Overexpression of anti-apoptotic proteins is archetypal in many forms of cancer. In the study performed by Priya Antony and Ranjit Vijayan, there were conclusions on the insights on how a potential Bcl-Xl-selective inhibitors of cancer where molecular docking and simulations may be used to identify potential lead compounds from A. muricata that could be inhibitors of these anti-apoptotic proteins can be designed from acetogenins of A. muricata . The results depicted that the acetogenins namely annomuricin-D-one, annomuricin A, annohexocin, muricatocin A, , and muricatetrocin A/B showed higher docking score in Bcl-Xl but not in Bcl-2 and Mcl-1. Structural and interaction analysis presented that these molecules through large lipophilic interactions bound stably in the active site of Bcl-Xl. In comprehensive docking studies, using natural and synthetic inhibitors of Bcl-Xl, acetogenins indicated better binding scores and intermolecular interactions. When the protein–ligand complexes were rescored using frames from MD simulations, docking scores were also significantly upgraded suggesting that the water molecules play a crucial role in the binding site interaction (39).
Further studies by Yang C et, .al have shown that the Graviola leaf extract (GLE) pharmacokinetics and absorption kinetics resulting in inhibiting prostate cancer proliferation, viability and clonogenic colonies (43).
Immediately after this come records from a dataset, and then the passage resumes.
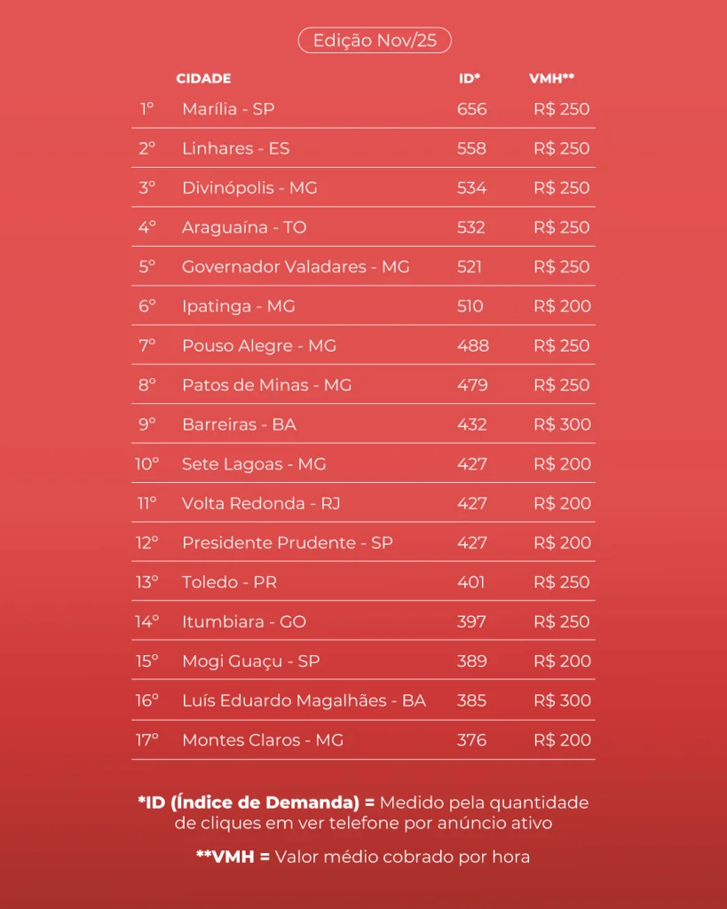Um novo estudo divulgado pela Fatal Model, maior plataforma de anúncios de acompanhantes do Brasil, revelou que uma cidade do interior paulista desbancou grandes capitais e garantiu o primeiro lugar no Índice de Demanda (ID) no país. O levantamento analisou municípios com mais de 100 mil habitantes e destacou os 50 melhores colocados.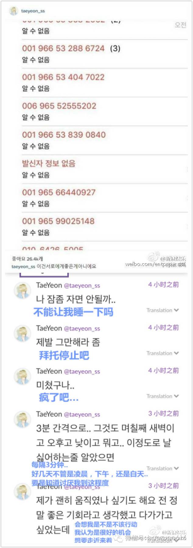 韩国女团少女时代队长泰妍今年就曾在ins上公开自己的通话记录,截图中可以看到从第一天晚上到第二天清晨,都有私生饭狂call她的手机,逼得她不得不在ins发声:“我想睡觉!”这种骚扰行为真是让人觉得可恨也觉得无奈!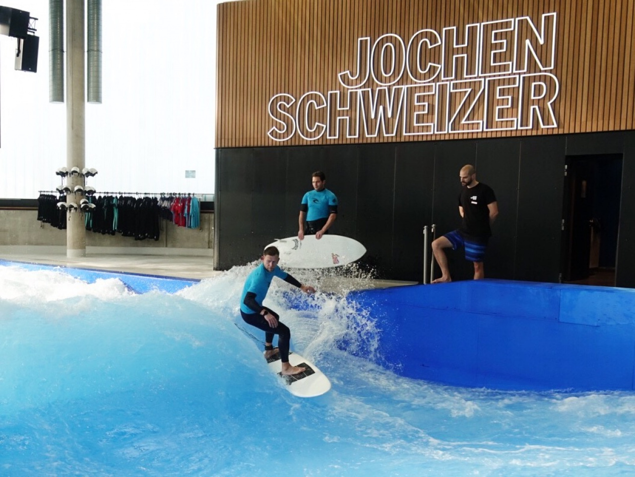 Year-round surfing at summery warm water temperature, possible at the Jochen Schweizer citywave, Germnay's first indoor surf wave. You will find a surf wave of the highest quality, which offers ideal conditions for beginners, advanced surfers and professionals. You can make a booking matching your individual skill-level.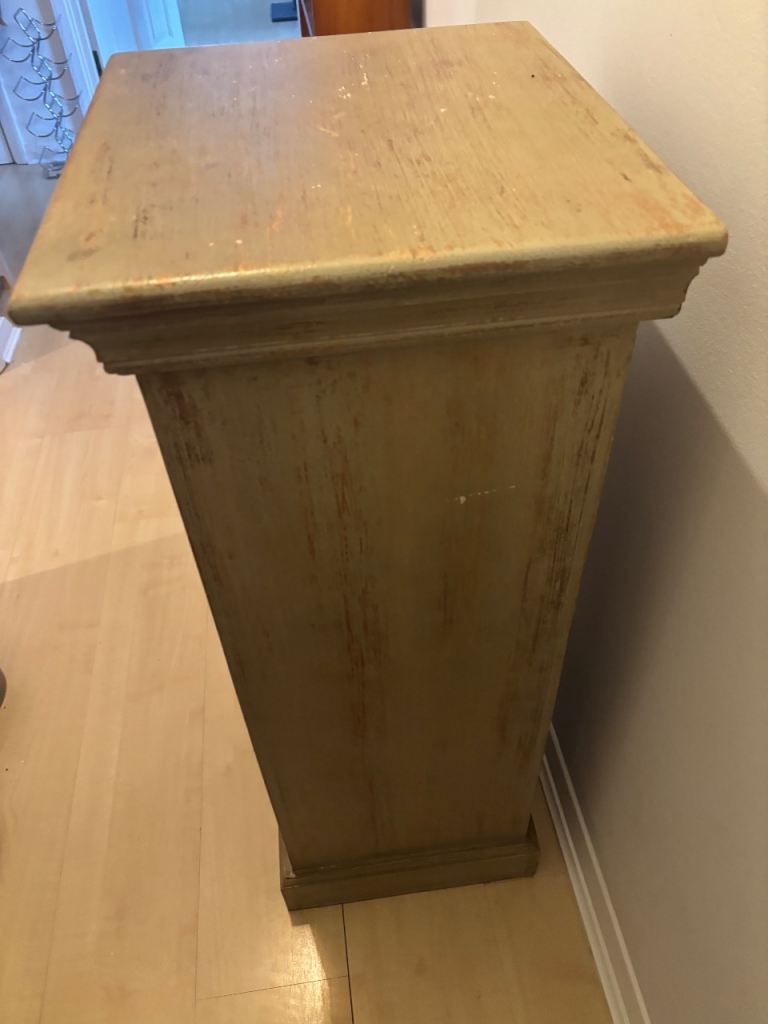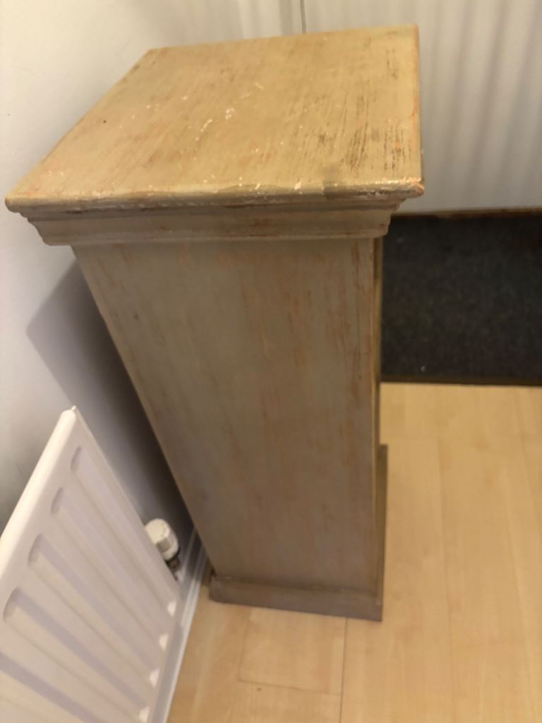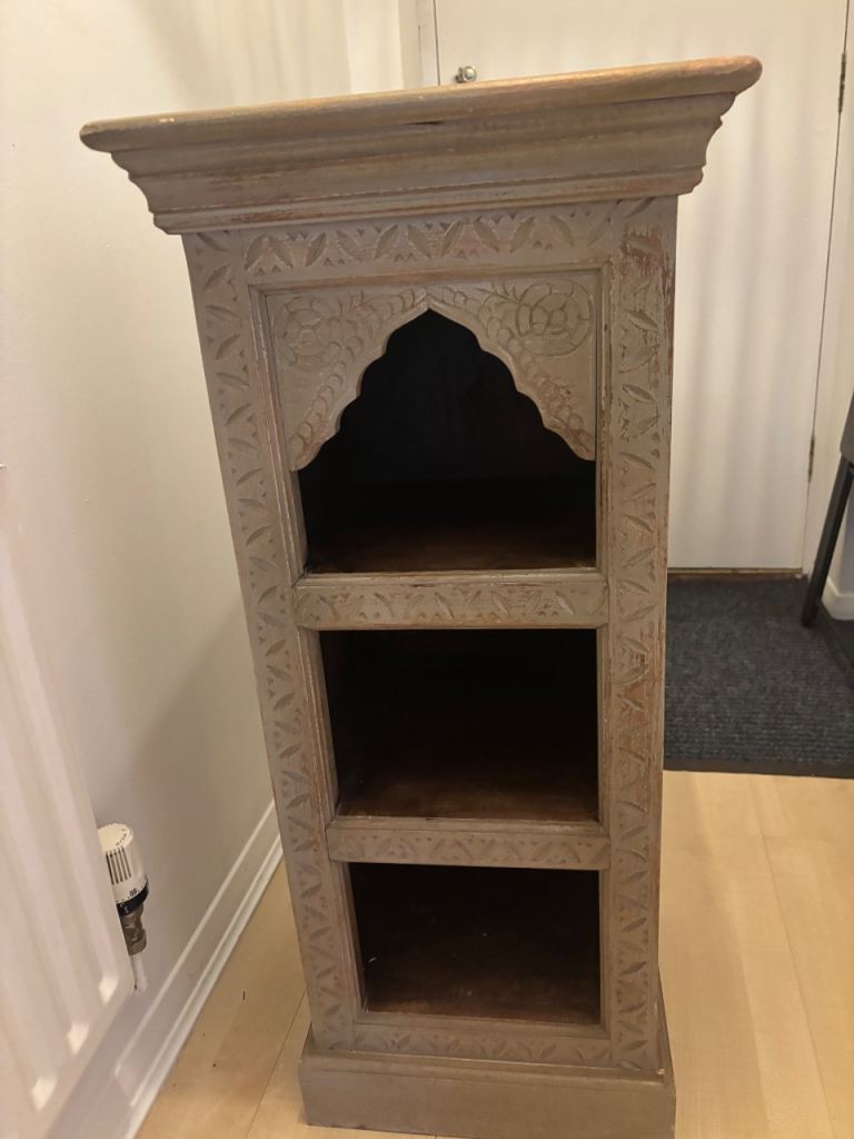 Pale reclaimed wood bookcase/shelf unit. Size is 36” high by 16” wide and 14” deep. Some small flaws due to the nature of the wood.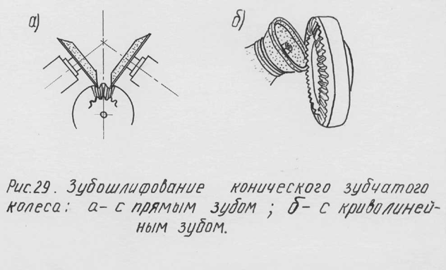 Криволинейные зубья конических зубчатых колес шлифуются чашечный абразивным кругом (рис. 29,б ). Сечение боковой стороны круга должно иметь профиль зуба рейки чашечный круг, вращаясь со скоростью 20-30 м/с, обкатывает рабочую поверхность профиля шлифуемого зуба.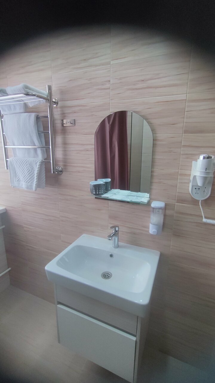 Новый отель, чисто, аккуратно В номере нет воды в бутылках, но есть кулер (нагрев горячей воды не работает) Все что нужно для проживания есть в наличии Персонал вежливый Завтраки: - еда привозная, поэтому теплой не бывает Ну и по этой причине не смогут добавит еды, если ее недостаточно для последних посетителей Время завтрака: до 10.30 по местному времени Для приезжих с центра России не удобно время завтрака, в том числе и по выходным ..(по мск это 08.30 — рановато) Если приходишь к 10.15, то еды уже очень мало.. Рекомендую использовать посуду с крышками, так как нарезка сырная и колбасная заветреные регулярно и не привлекают к употреблению. Сыр не вкусный и всегда продается один и тот же вид Блины всегда холодные (или из холодильника, или хранятся на улице) , но персонал по просьбе подогреет в микроволновке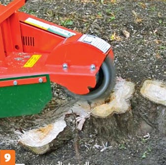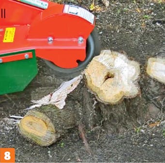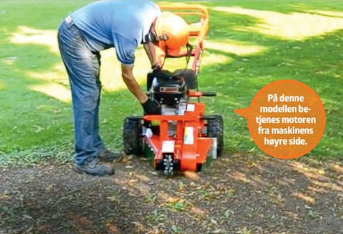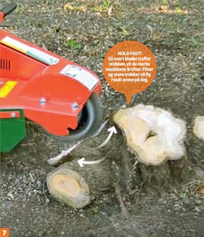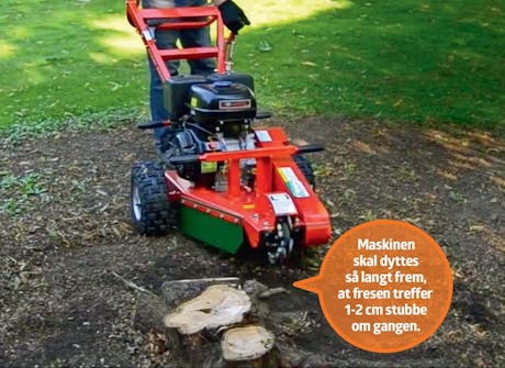 Når toppen av stubben er frest ned til bakkenivå, gjelder det røttene. Flytt maskinen rundt, og fres så langt ned du kan komme. Unngå å frese rett ned i bakken, for da blir tennene raskt sløve.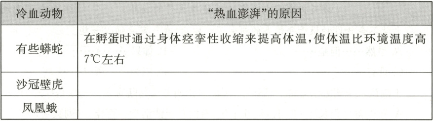 3.为什么说很多冷血动物过着“热血澎湃”的精彩生活?请结合短文内容帮助同学们补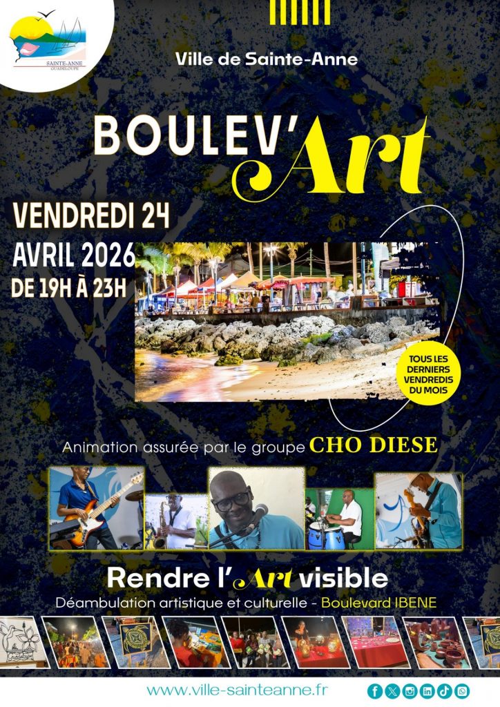 Le vendredi 24 avril 2026, le Boulevard Ibéné se transforme en une galerie d’art à ciel ouvert. De 19h à 23h, la Ville de Sainte-Anne en Guadeloupe invite les résidents et les visiteurs à découvrir la richesse de la création locale. Cette manifestation mensuelle célèbre l’identité culturelle de l’archipel à travers une déambulation nocturne unique.
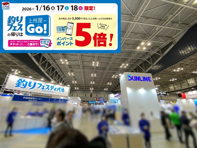 新製品のロッド&リールをご注文頂きますと上州屋メンバーズカードポイントが最大10倍!! 釣りフェスの帰りは上州屋へGO!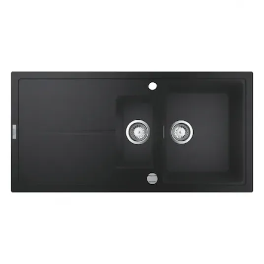 Chiuveta compozit Grohe K400 31642AP0, 1000x500 mm, reversibil, 2 boluri, montare pe blat, evacuare automata, Kit montaj si evacuare inclus, Negru granitChiuveta compozit Grohe K400 31642AP0, 1000x500 mm, reversibil, 2 boluri, montare pe blat, evacuare automata, Kit montaj si evacuare inclus, Negru granit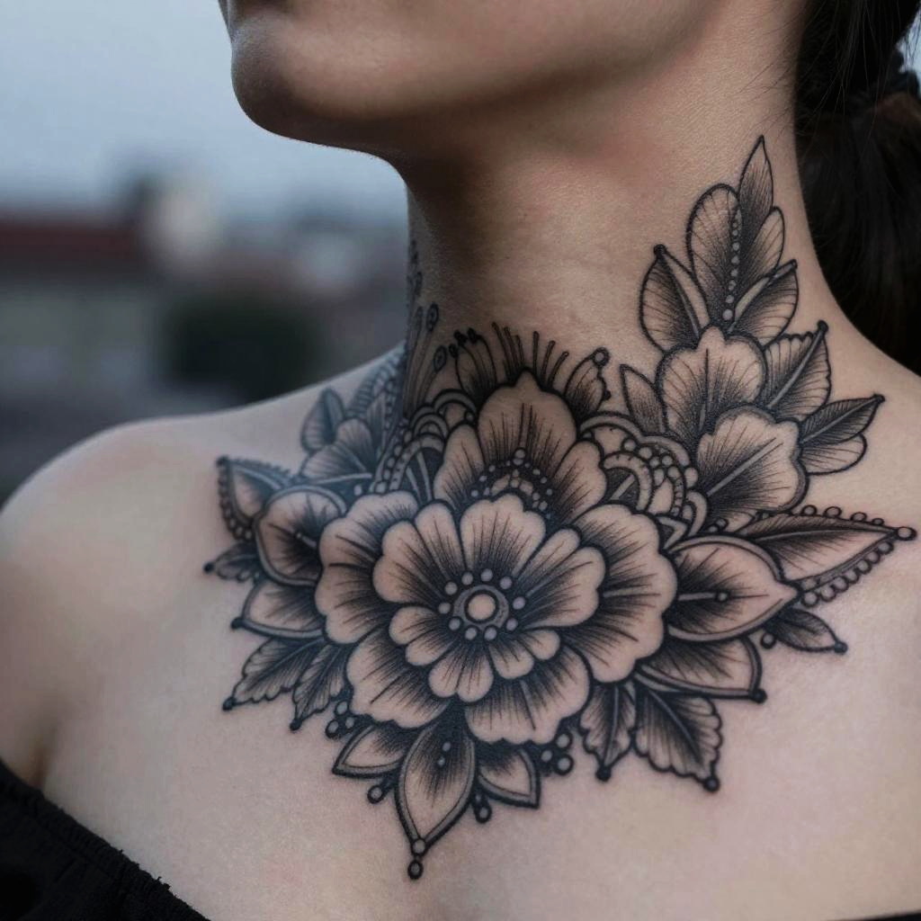 Close-up of a black throat tattoo featuring elaborate floral and mandala elements, inked on a graceful neck, set against a blurred urban background at dusk, showcasing sharp details and high contrast between dark ink and pale skin.

The caspase 3 activation by the ethanol extract of the leaves also establish an apoptosis-inducing effect in myelogenous leukemic K562 cells, which was verified with a TUNEL assay by Ezirim A. et al.(10)
Anonna muricata also had impacts on Lewis lung carcinoma (LLC) tumor cell lines that were examined both in vivo as well as in vitro which was shown in an another study by Zhao GX1 et,.al. This implies that Graviola had antitumor activity by limiting the natural growth of the lung tumors (45). NADH oxidase inhibition in cancer cell lines, down regulation of the P-glycoprotein pump via ATP depletion and Cell cycle arrest at S-phase progression has shown to be affected by Graviola through its anti-cancerous and cytotoxic mechanisms, which has been shown by additional research.